The major changes introduced by key reforms inevitably provoked tensions in the political system. Strains developed between those who would not benefit or could not adjust to the new conditions and those who saw the new opportunities afforded. The resulting pressures on the system required constant attention of and mediation by the top party leaders. The goals, contents, and progress of the reform program reportedly were reviewed and discussed regularly at the highest-level party meetings. Leaders on the Political Bureau Standing Committee strove for consensus on the contents of the reform program and its agenda and participated in an ongoing process of bargaining to reconcile different policy orientations and institutional interests.
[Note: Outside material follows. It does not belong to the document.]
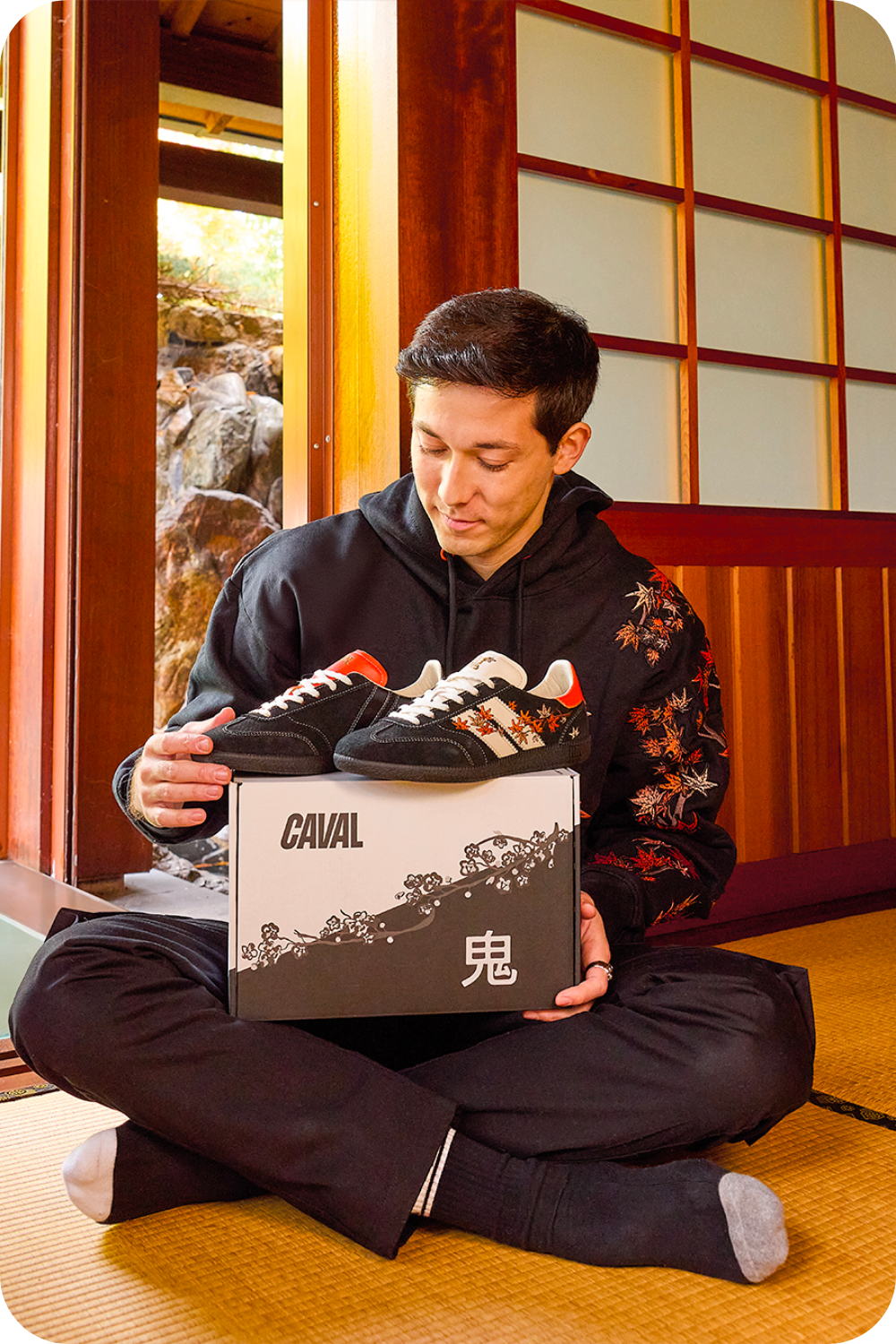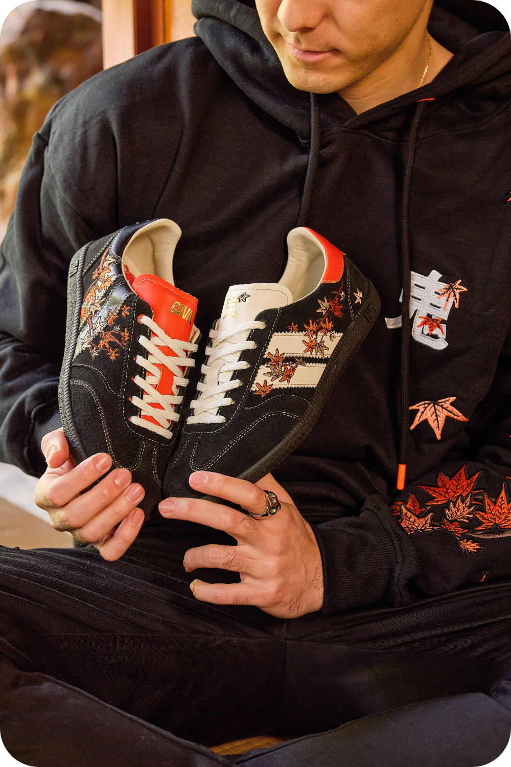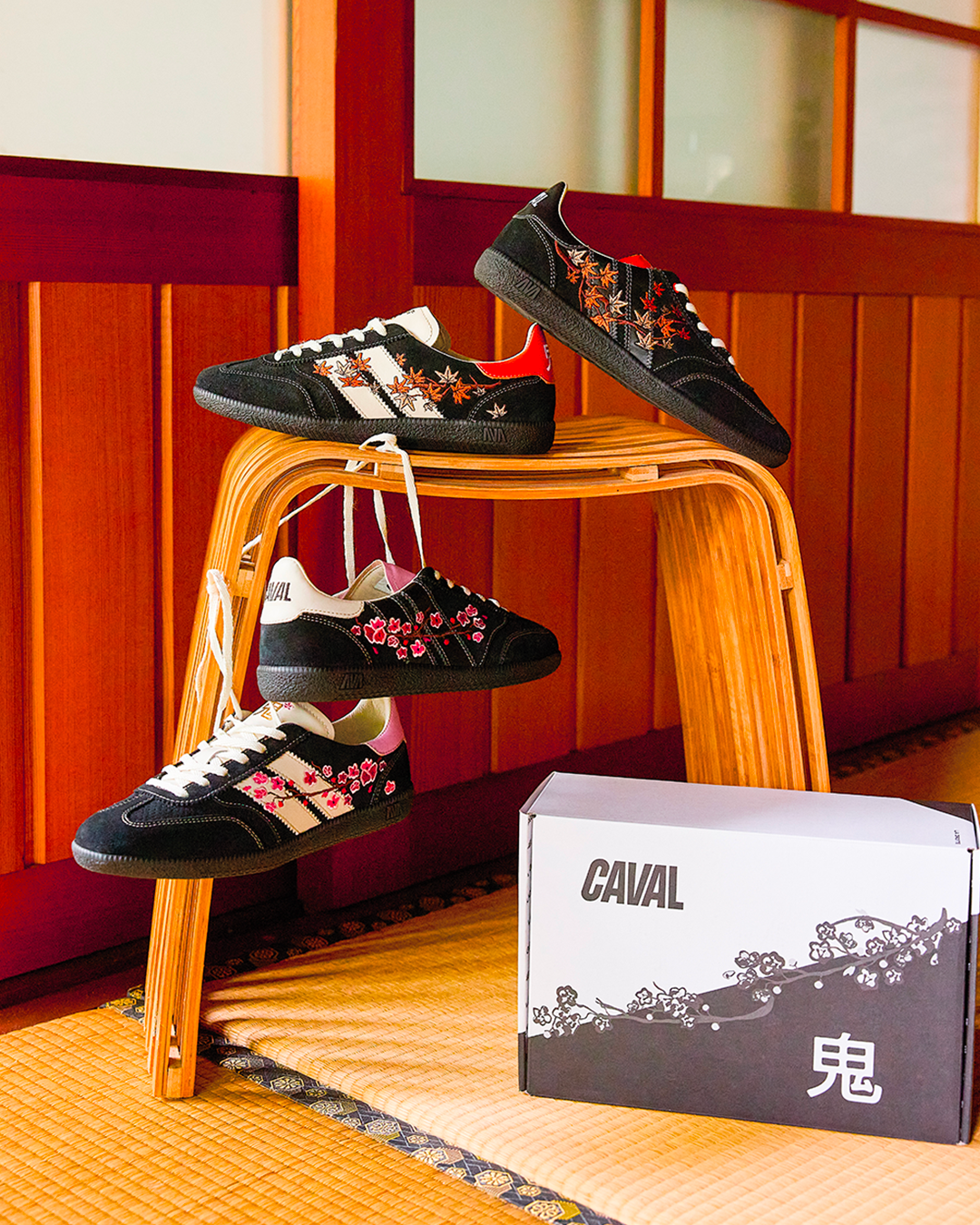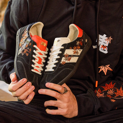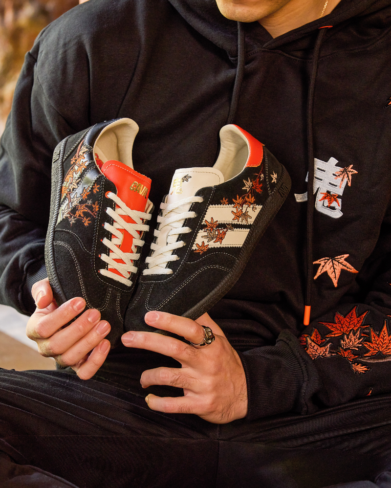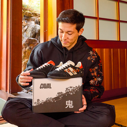 En écho au style emblématique d'ONI, la collection capsule se compose de deux paires de sneakers inédites inspirées de son univers.Bondissez dans la collab' CAVAL x ONI et découvrez la Sakura et la Momiji : deux talismans d'asymétrie aux broderies flamboyantes.

The competing interests that emerged throughout the country when a new wave of reform was introduced appeared to have spokesmen or advocates in the highest party circles. The issues that emerged were debated in authoritative party meetings with the aim of arriving at a consensus and preserving harmony on the reform agenda. If this became impossible, personnel changes tended to follow, as was the case when Hu Yaobang apparently broke the consensus, moving ahead of what the cautious and stability-minded leadership could accept as a safe and reasonable course.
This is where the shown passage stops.